Joseph Schooling pulled off a stunning Olympic upset on Friday by beating US legend Michael Phelps in the 100m butterfly to win Singapore’s first ever gold medal.

Asian champion Schooling, 21, completed a wire-to-wire victory to deny Phelps a fourth successive title in the event, winning in a Games record 50.39sec. Phelps, amazingly, tied with both Chad le Clos and Laszlo Cseh for the silver.

Here, we pick out five things you didn’t know about Schooling.

1. Singapore had never won an Olympic gold before Schooling’s breakthrough. The country first entered the Olympics in 1948. Singapore’s first medal was a silver in weightlifting at Rome in 1960. Singapore waited 28 years before winning its next medal, a silver in table tennis at Beijing in 2008. In London, Singapore won two bronze medals in table tennis.

2. Joseph Schooling met Michael Phelps by chance when he was 13 and had his photograph taken with him. Phelps was in Singapore preparing for the Beijing Olympics and was training at one of the pools where Schooling also practiced. Schooling said Phelps was his idol growing up but had no regrets about beating him in his final race.

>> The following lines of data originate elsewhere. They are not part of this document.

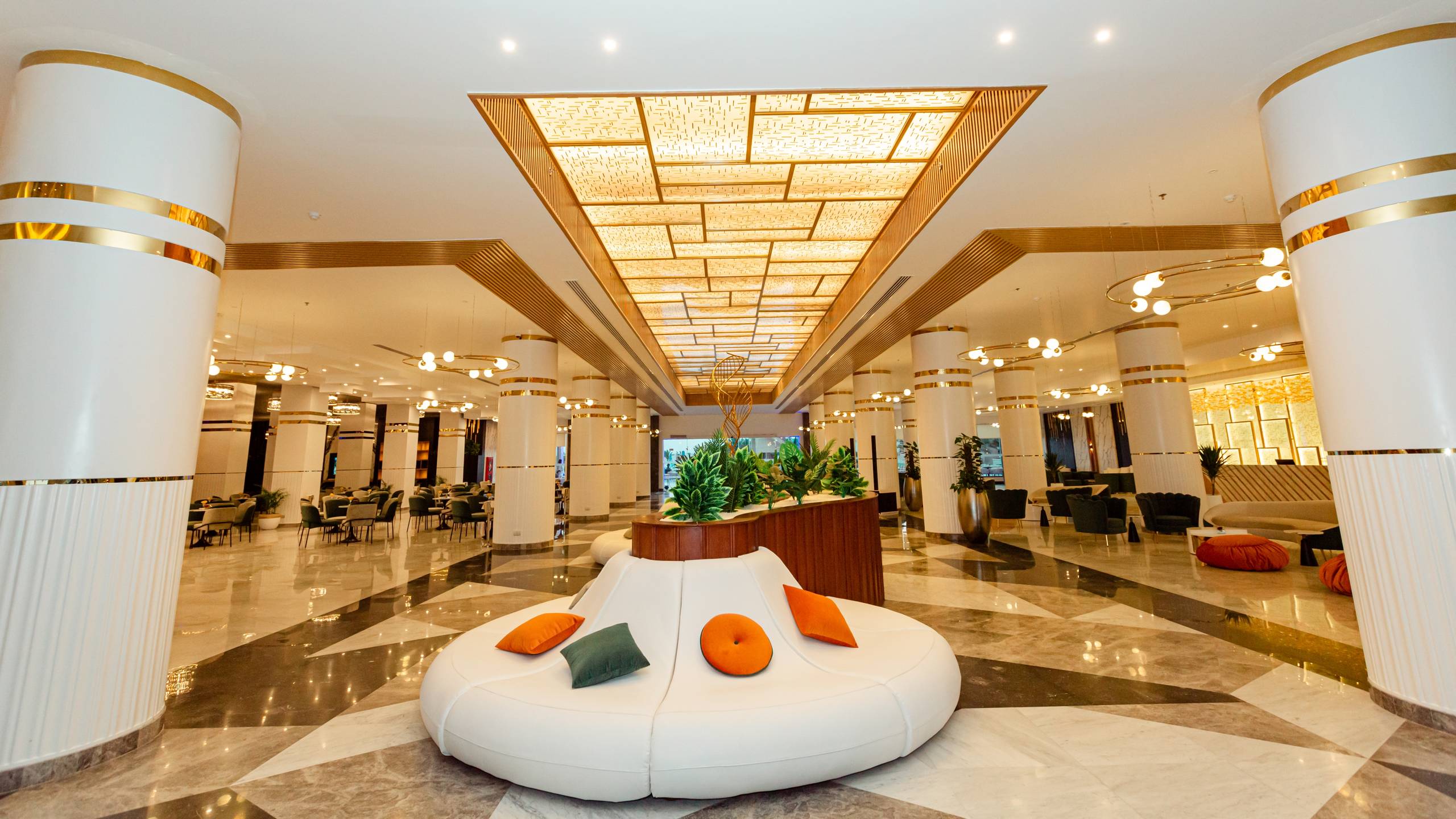 Das Hotel verfügt über insgesamt 347 Zimmer. Zu den Einrichtungen zählen eine Empfangshalle mit Rezeption, Lobbybar, WLAN (kostenfrei in der Lobby), ein Hauptrestaurants, 2x a la carte Restaurants, verschiedene Bars und Parkmöglichkeiten. In der Außenanlage befinden sich 2 Swimmingpools mit 2 Wasserrutschen, Sonnenterrassen und eine Poolbar. Liegen, Schirme und Badetücher stehen Ihnen am Pool und Strand kostenfrei zur Verfügung. Es gibt eine hoteleigene Strandbar.
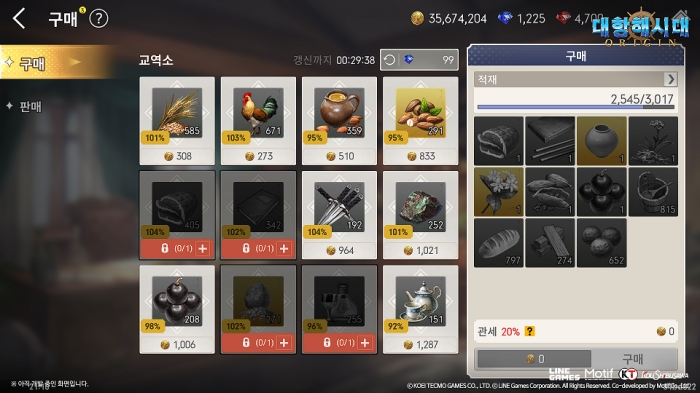 ‘대항해시대 오리진’에서는 각 지역을 항해하며 교역이 가능하다. 교역에 필요한 교역품은 항구의 교역소에서 구매하거나 전투를 통해 획득할 수 있으며 식료품, 가축, 공예품을 비롯해 명산품 등 다양한 품목이 존재한다.
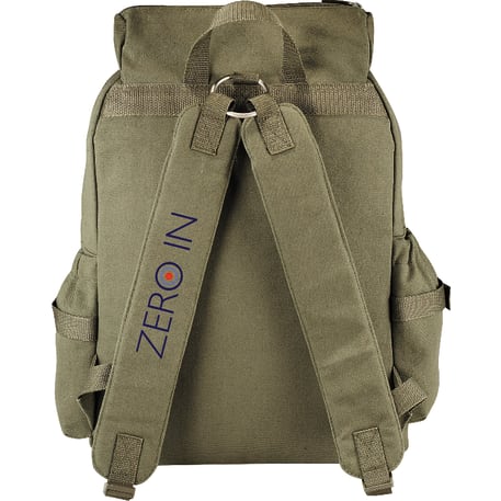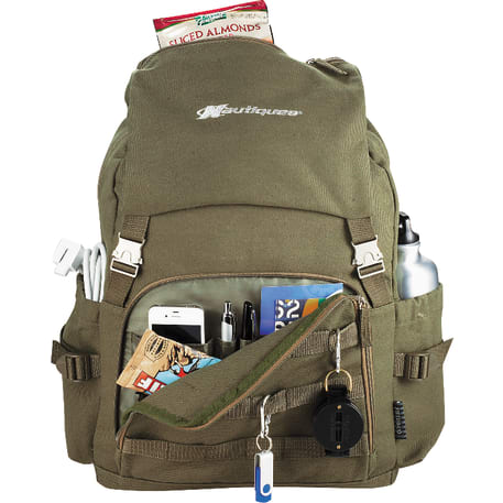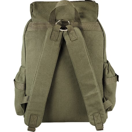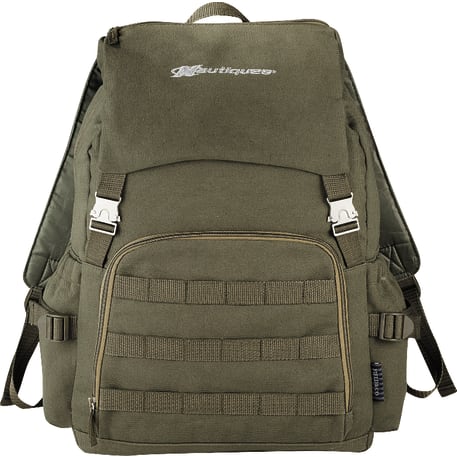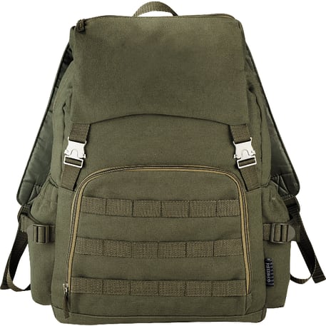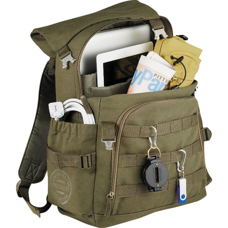 The Field & Co.® Scout 15" Computer Backpack takes its styling from a vintage military look, but the bag is designed to fit the latest tech including up to a 15.6" laptop and tablet, including iPad. Large main compartment and zippered pocket on the top flap let you stash all your extra gear. Elastic fabric pockets on the sides. Zippered front pocket with deluxe organization. Webbing details on the front add additional functionality so you can clip whatever else you need to bring with you. Padded backpack straps attached to metal loop on the back for stability. Unique Field & Co. vintage branding elements and hardware.
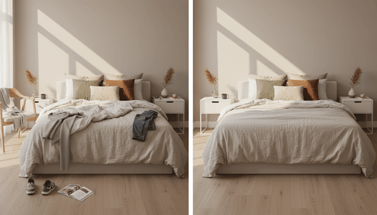 Cama feita e mesa de cabeceira vazia mudam o humor do quarto. Trocar a roupa de cama semanalmente e aspirar debaixo da cama evita pó acumulado. Mantenha um spray de lençóis suave (borrife no pano, não direto) para sensação de frescor.
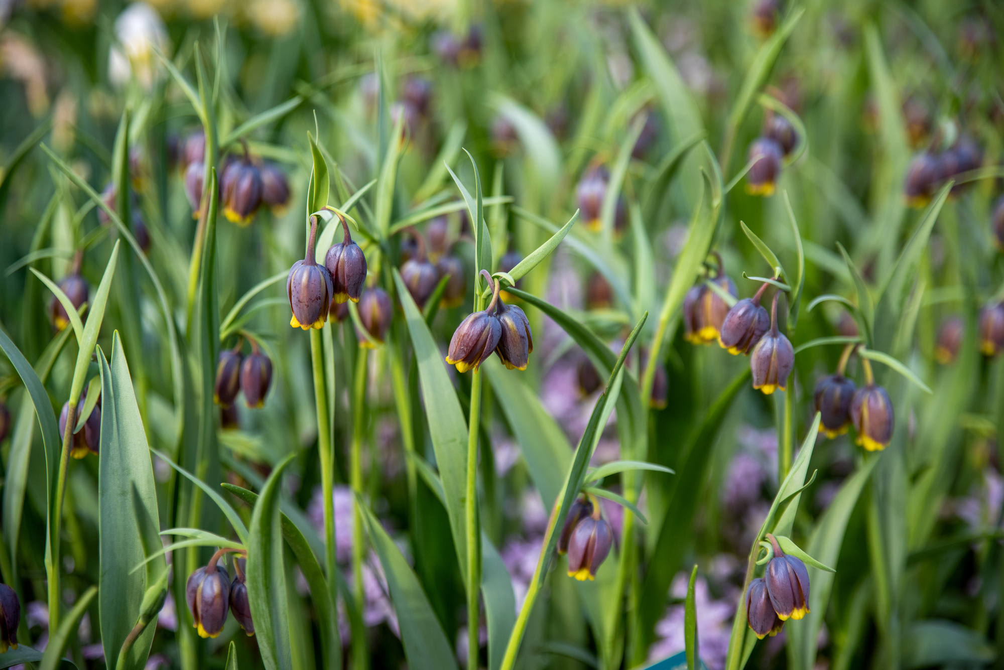 Die Fritillaria uva-vulpis, auch bekannt als Fuchstraube oder Glockenlilie, ist eine auffällige und faszinierende Frühlingsblume, die zur Gattung der Schachbrettblumen gehört. Diese Pflanze zeichnet sich durch ihre hängenden glockenförmigen Blüten aus, die außen bräunlich Lila schimmern und leicht bereift sind. Der äußere Rand und das Innere der Blüten sind Gelb und in verschiedenen Brauntönen gemustert. An einem Stängel können bis zu zwei Blütenglocken herabhängen, die auch eine wertvolle und wichtige Nahrungsquelle für unsere Nützlinge sind.Heimisch ist die Fuchstraube in der Osttürkei, im Nordwesten des Irak und im Westen des Iran. Dort wächst sie bevorzugt auf feuchten Wiesen in den Waldteilen des Zagros-Gebirges.

3. To further his swimming career, Schooling left Singapore when he was 13 and moved to Florida to train at the Bolles School, living in a boarding house with older boys. He regularly fought with his coach Sergio Lopez, the Spaniard who won a bronze medal in breaststroke at the 1998 Olympics, but credits him for his success.

4. It is mandatory for Singaporean men to perform two years of National Service after finishing school. Schooling competed at the 2012 London Olympics, and a year later the government agreed to defer his enlistment for three years to let him continue training in the United States for the Rio Olympics.

5. Schooling bears a tattoo on his back, depicting the head and horns of a Longhorn, a breed of Texas cattle, and the emblem of sporting teams at the University of Texas, where he studies and trains. Underneath the cattle horns are the words, “Come and Take It.” Schooling had to convince his parents before they allowed him to get the tattoo.